▶ _Exercise requirements_: Only an exact copy belongs in the answer: the line with "現(xiàn)如今,我們身邊" and every line after it through the end of the records, pictures left out.

Items from a data source:
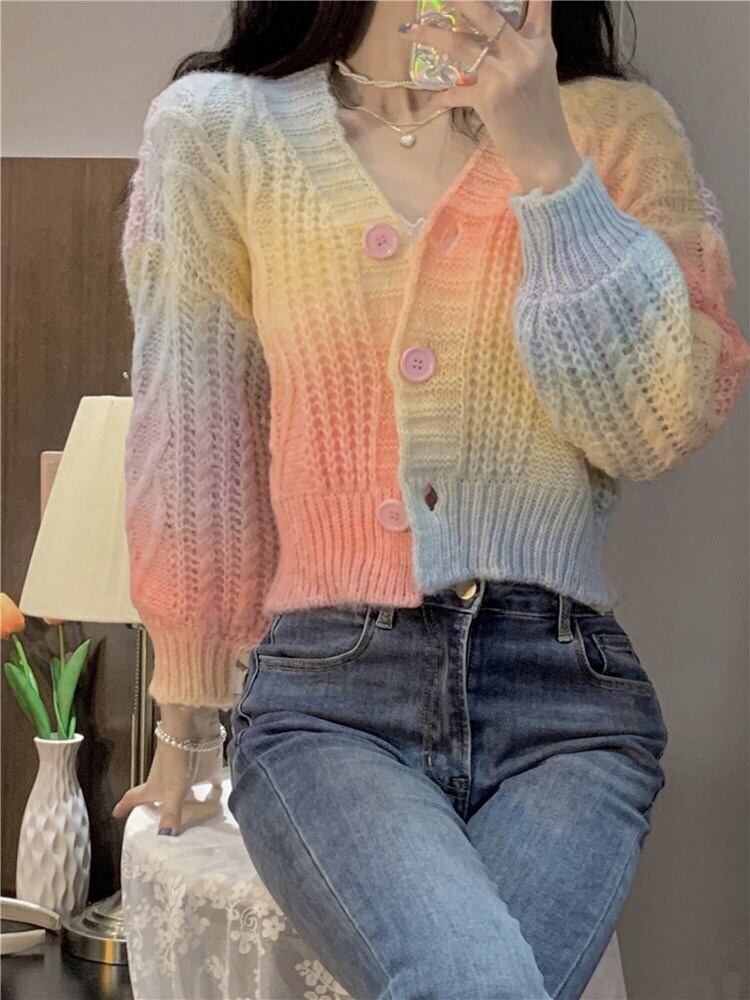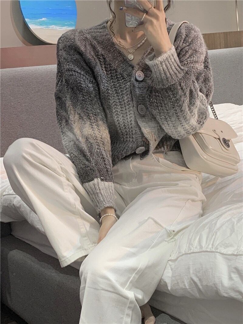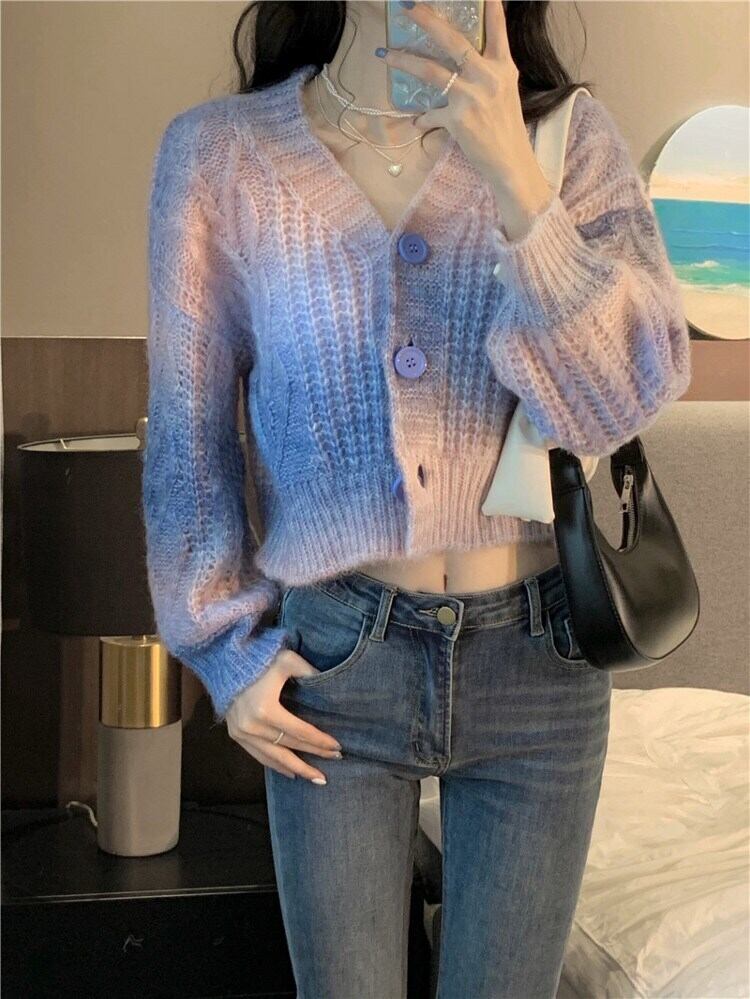 ニットカーディガントップス カーディガン 袖あり 長袖 Vネック 襟なし 短丈 ストレート もこもこ 前開き 2way かわいい カジュアル おしゃれ お洒落 レトロ 大人可愛い ラブリー キュート 主役級 グラデーション柄 春 秋 冬 誕生日 パーティー イベント 10代 20代 30代 女性用 学生 通学 デート ガーデン 着回し 普段使い 重ね着 お揃い 双子 韓国 コーデ 楽ちん 暖かい ギフト フリーサイズ グレー ピンク ブルー
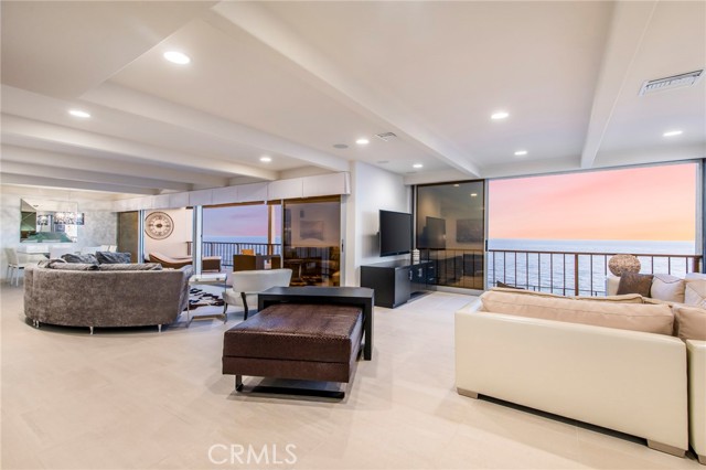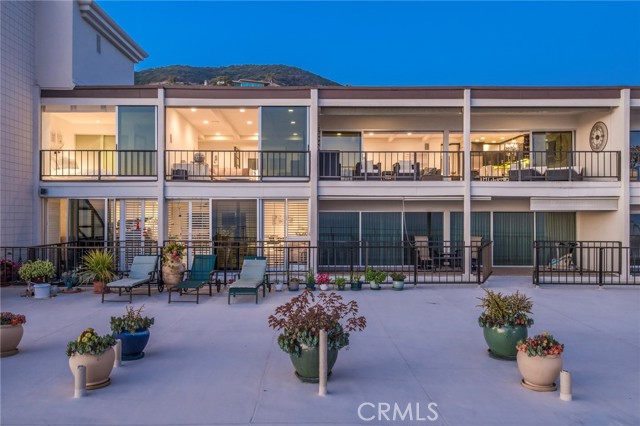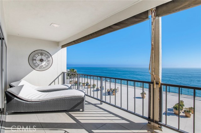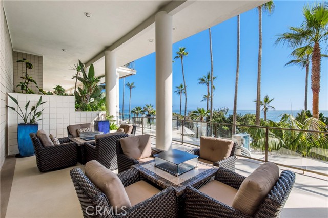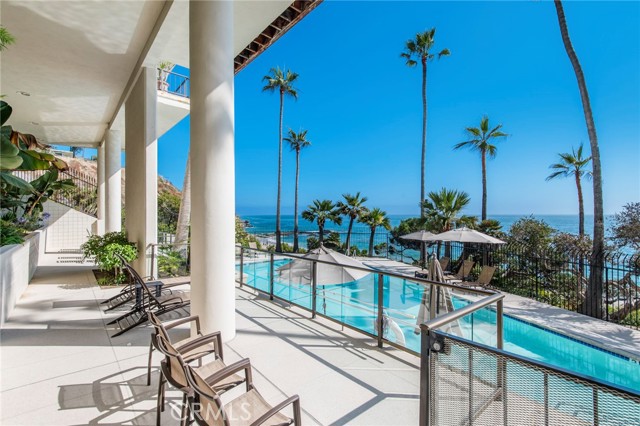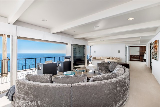 An opportunity to own a penthouse-level unit at the Laguna Royale - one of the largest in the community with expansive ocean and Catalina views to match. Available for the first time, this approximately 2,240 square-foot condominium presents four bedrooms and three full bathrooms in addition to an open Pacific-facing main living area. Two units were combined with care to create a smart, modern floor plan which lends itself well to this property serving as a year-round residence or a lock-and-leave vacation pied-a-terre. Curated with the coastal California lifestyle in mind, the main living area is centered around a sitting section with immediate access to the large balcony via two sets of oversized sliding doors. The adjacent dining room and kitchen, with a suite of stainless steel appliances, including a wine fridge and breakfast bar seating, create a functional floor plan. Accessed via double doors, the ensuite primary bedroom faces the Pacific, offering the perfect backdrop to wake up to. The secondary bedrooms are all of ample size, with two located in the rear of the unit for privacy and one with fantastic ocean views. A functional home office with a built-in desk and a casual sitting area complete this space. Additional amenities of this modern residence include updated bathrooms, central air conditioning, built-in storage, motorized blinds, and two parking spaces. Laguna Royale is known for its amenities, from 24-hour security to a pool, spa, gym, and pathway directly to the sand below. The area’s famous West Street Beach is just beyond the community’s boundary, with the Montage and Laguna’s restaurants, boutiques, and galleries nearby.
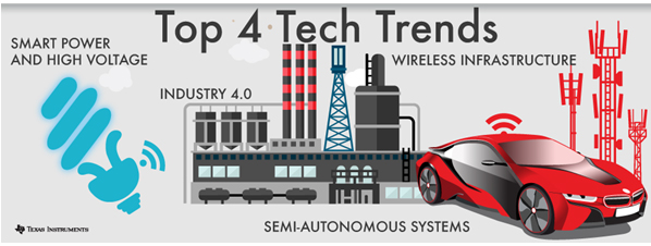 現(xiàn)如今,我們身邊的所有東西似乎都變得越來(lái)越智能,它們不僅可以通過(guò)網(wǎng)絡(luò)互聯(lián)實(shí)現(xiàn)更多的全新功能,同時(shí)也更進(jìn)一步地朝著電子化發(fā)展。近幾年,半導(dǎo)體技術(shù)領(lǐng)域的創(chuàng)新正推動(dòng)著包括個(gè)人電子、汽車(chē)、制造業(yè)和許多其它市場(chǎng)中全新產(chǎn)品的快速發(fā)展。接下來(lái),我們將介紹最值得關(guān)注的一些技術(shù)趨勢(shì),以及半導(dǎo)體行業(yè)在其中所發(fā)揮的作用,這些趨勢(shì)將會(huì)進(jìn)一步推動(dòng)很多全新市場(chǎng)的創(chuàng)新。
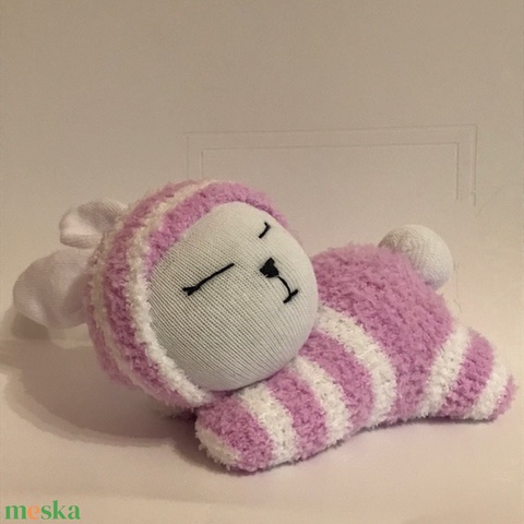 - Anyaga: pamut zokni, 100% polyester tömőanyag, szeme gyöngy, hímzett arc
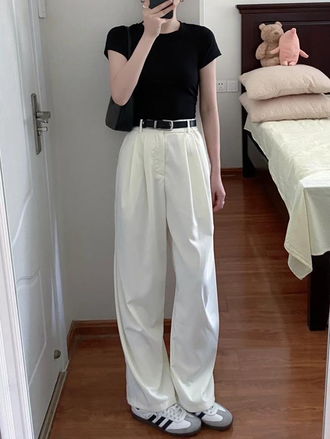 黑白配的搭配,真的太時髦和高級了,怎麼看都不覺得出錯,當你不知道選擇什麼顏色來配時,首先黑色+白色就是最不錯的選擇。黑色正肩短袖+白色休閒西裝褲,腳下踩着一雙德訓鞋,舒適極了。
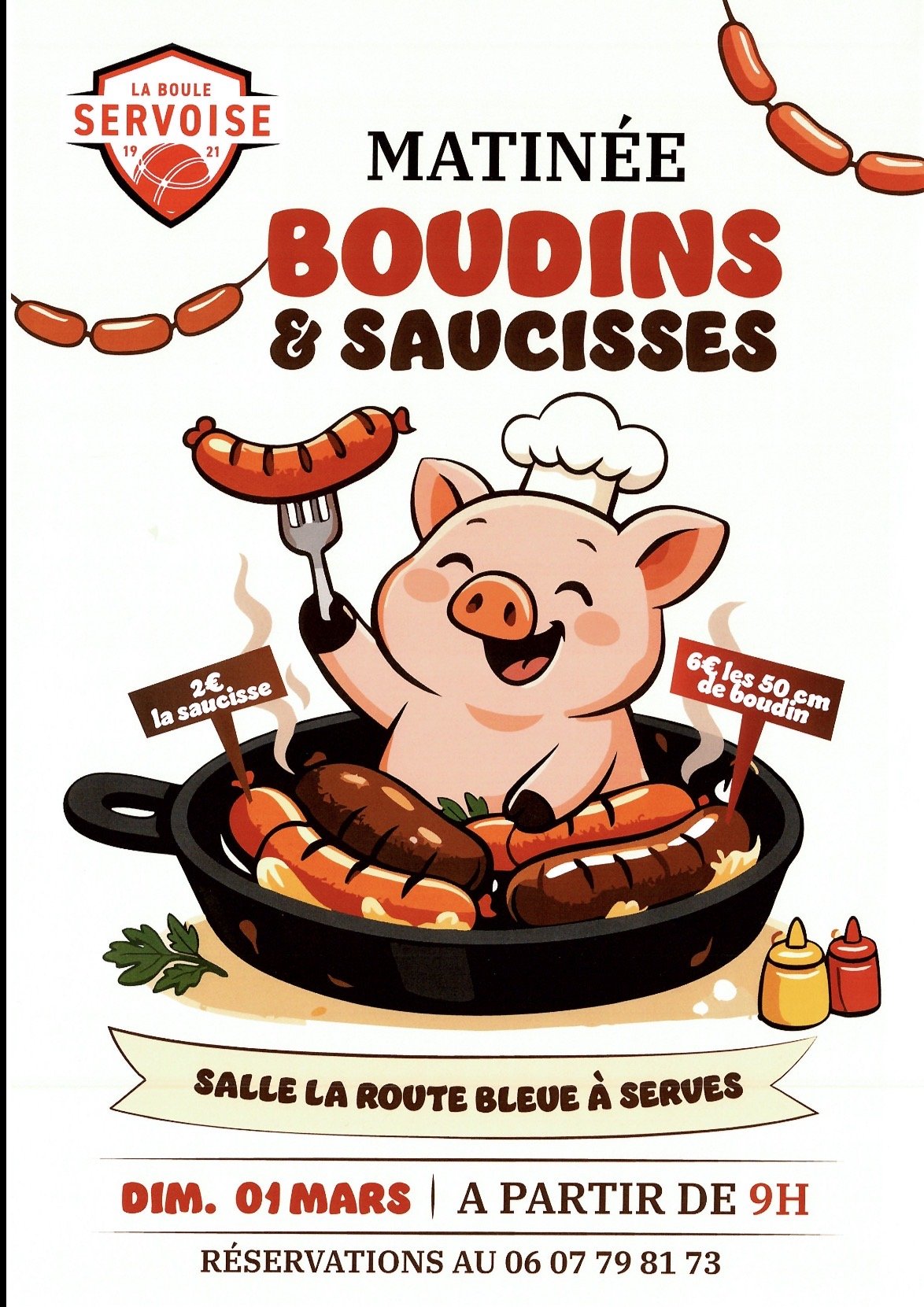 Bonjour a toutes et a tous, voici l'affiche pour notre matinée boudin du dimanche 1er mars dès 9h
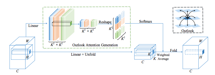 进行映射得到outlook权重, value表示,然后我们用来表示在以为中心的局部窗口的所有value:最后,在位置的outlook 权重可以直接用作注意力权值,首先可以通过一个reshape操作()后接Softmax:
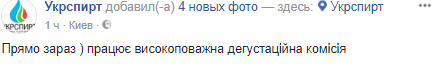Государственная компания "Укрспирт" обнародовала фото работы дегустационной комиссии. Запись появилась на странице компании в Facebook в четверг, 30 ноября.

▶ _Written answer_:
 現(xiàn)如今,我們身邊的所有東西似乎都變得越來(lái)越智能,它們不僅可以通過(guò)網(wǎng)絡(luò)互聯(lián)實(shí)現(xiàn)更多的全新功能,同時(shí)也更進(jìn)一步地朝著電子化發(fā)展。近幾年,半導(dǎo)體技術(shù)領(lǐng)域的創(chuàng)新正推動(dòng)著包括個(gè)人電子、汽車(chē)、制造業(yè)和許多其它市場(chǎng)中全新產(chǎn)品的快速發(fā)展。接下來(lái),我們將介紹最值得關(guān)注的一些技術(shù)趨勢(shì),以及半導(dǎo)體行業(yè)在其中所發(fā)揮的作用,這些趨勢(shì)將會(huì)進(jìn)一步推動(dòng)很多全新市場(chǎng)的創(chuàng)新。
 - Anyaga: pamut zokni, 100% polyester tömőanyag, szeme gyöngy, hímzett arc
 黑白配的搭配,真的太時髦和高級了,怎麼看都不覺得出錯,當你不知道選擇什麼顏色來配時,首先黑色+白色就是最不錯的選擇。黑色正肩短袖+白色休閒西裝褲,腳下踩着一雙德訓鞋,舒適極了。
 Bonjour a toutes et a tous, voici l'affiche pour notre matinée boudin du dimanche 1er mars dès 9h
 进行映射得到outlook权重, value表示,然后我们用来表示在以为中心的局部窗口的所有value:最后,在位置的outlook 权重可以直接用作注意力权值,首先可以通过一个reshape操作()后接Softmax:
Государственная компания "Укрспирт" обнародовала фото работы дегустационной комиссии. Запись появилась на странице компании в Facebook в четверг, 30 ноября.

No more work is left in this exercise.